### What the task asks
Look through the entries below and copy exactly the part that begins with the line containing "1)The main bedroom" and ends with the line containing "This storage bag". Do not copy the pictures.

### Provided records
•••

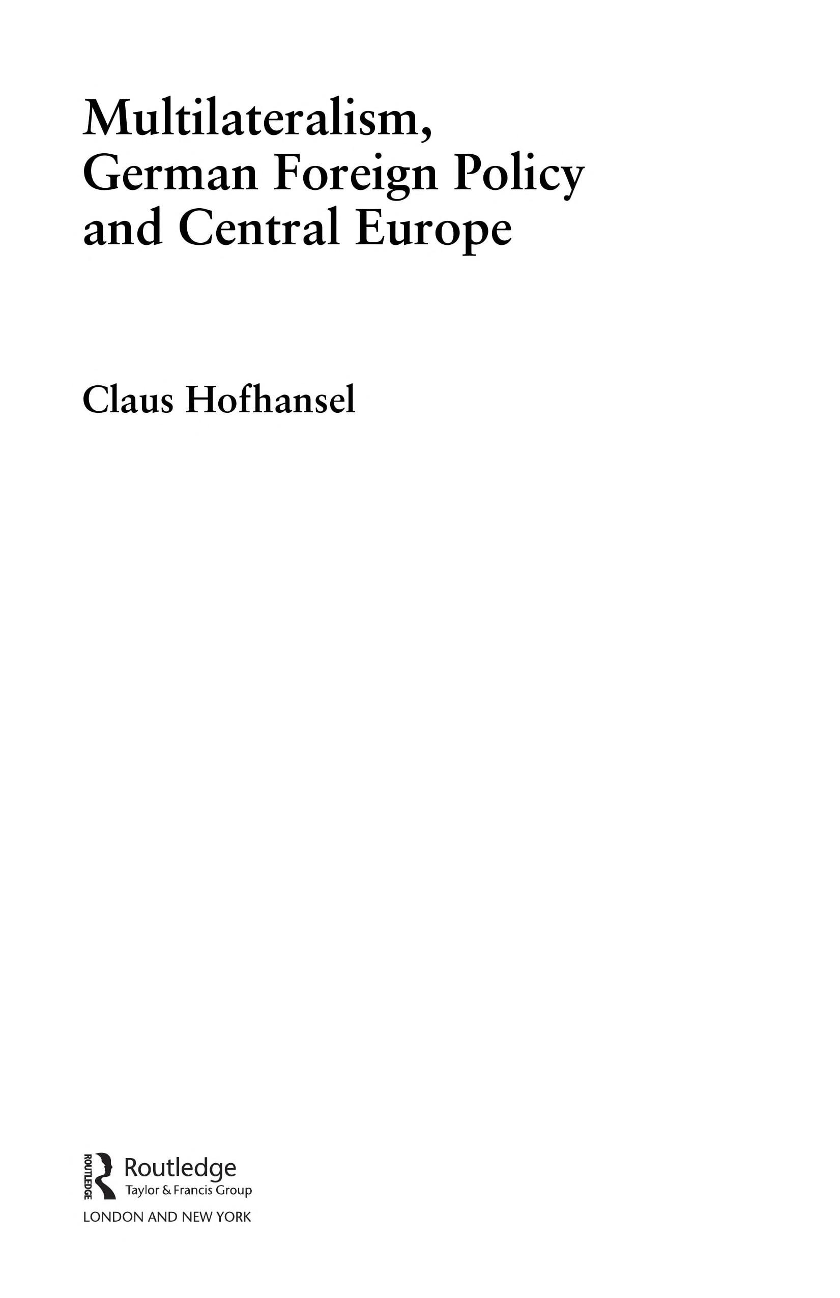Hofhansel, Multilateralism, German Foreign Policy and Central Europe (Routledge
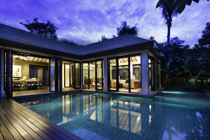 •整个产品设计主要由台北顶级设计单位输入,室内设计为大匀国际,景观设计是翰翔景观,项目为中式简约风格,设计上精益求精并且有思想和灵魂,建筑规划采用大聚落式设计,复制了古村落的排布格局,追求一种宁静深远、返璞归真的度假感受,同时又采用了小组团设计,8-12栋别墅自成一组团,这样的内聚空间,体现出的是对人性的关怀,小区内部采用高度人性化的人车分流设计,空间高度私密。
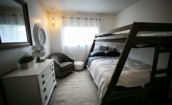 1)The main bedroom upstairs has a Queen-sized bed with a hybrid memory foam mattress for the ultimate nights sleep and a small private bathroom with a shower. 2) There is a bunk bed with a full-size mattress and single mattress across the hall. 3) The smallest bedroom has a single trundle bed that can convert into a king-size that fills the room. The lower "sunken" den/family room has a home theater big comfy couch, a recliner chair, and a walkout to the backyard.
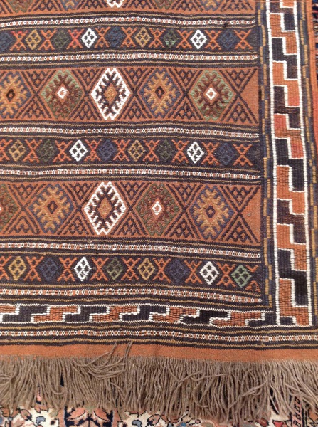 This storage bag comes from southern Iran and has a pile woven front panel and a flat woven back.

•••

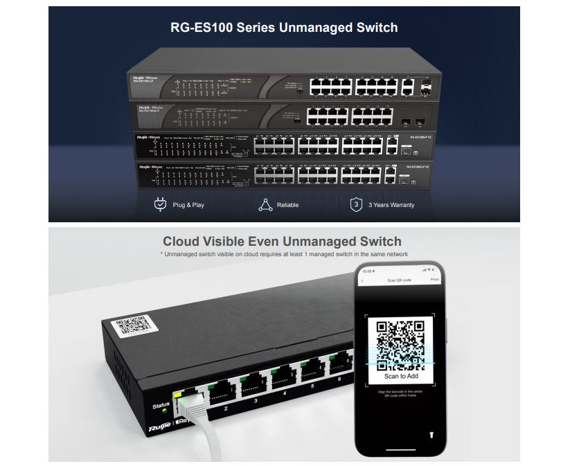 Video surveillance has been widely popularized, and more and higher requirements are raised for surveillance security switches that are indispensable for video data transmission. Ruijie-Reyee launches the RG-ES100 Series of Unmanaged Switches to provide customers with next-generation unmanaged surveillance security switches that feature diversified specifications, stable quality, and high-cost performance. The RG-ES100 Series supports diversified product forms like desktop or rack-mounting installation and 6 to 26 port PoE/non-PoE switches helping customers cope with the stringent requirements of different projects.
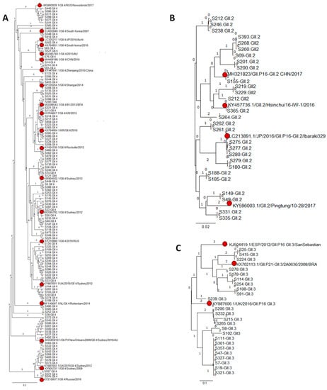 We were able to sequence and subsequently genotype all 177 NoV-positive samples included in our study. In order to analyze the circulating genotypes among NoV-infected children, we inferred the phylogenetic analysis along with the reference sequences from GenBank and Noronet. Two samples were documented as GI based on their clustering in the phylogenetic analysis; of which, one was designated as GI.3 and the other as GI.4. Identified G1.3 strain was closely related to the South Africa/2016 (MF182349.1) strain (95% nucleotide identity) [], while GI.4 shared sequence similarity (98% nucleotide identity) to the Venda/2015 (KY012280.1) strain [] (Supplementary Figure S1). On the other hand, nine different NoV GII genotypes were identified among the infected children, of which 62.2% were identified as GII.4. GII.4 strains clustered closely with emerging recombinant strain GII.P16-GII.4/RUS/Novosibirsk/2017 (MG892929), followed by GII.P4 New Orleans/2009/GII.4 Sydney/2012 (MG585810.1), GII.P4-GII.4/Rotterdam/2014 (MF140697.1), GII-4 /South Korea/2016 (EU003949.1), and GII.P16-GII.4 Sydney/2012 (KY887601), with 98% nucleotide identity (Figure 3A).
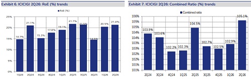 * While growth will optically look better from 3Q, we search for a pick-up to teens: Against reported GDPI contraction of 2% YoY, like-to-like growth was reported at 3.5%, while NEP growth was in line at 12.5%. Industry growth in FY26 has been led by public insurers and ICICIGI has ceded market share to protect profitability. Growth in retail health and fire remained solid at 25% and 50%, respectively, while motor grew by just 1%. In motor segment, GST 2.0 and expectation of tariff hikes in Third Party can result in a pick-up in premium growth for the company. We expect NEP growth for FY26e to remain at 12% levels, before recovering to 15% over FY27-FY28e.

•••

### Solution
 1)The main bedroom upstairs has a Queen-sized bed with a hybrid memory foam mattress for the ultimate nights sleep and a small private bathroom with a shower. 2) There is a bunk bed with a full-size mattress and single mattress across the hall. 3) The smallest bedroom has a single trundle bed that can convert into a king-size that fills the room. The lower "sunken" den/family room has a home theater big comfy couch, a recliner chair, and a walkout to the backyard.
 This storage bag comes from southern Iran and has a pile woven front panel and a flat woven back.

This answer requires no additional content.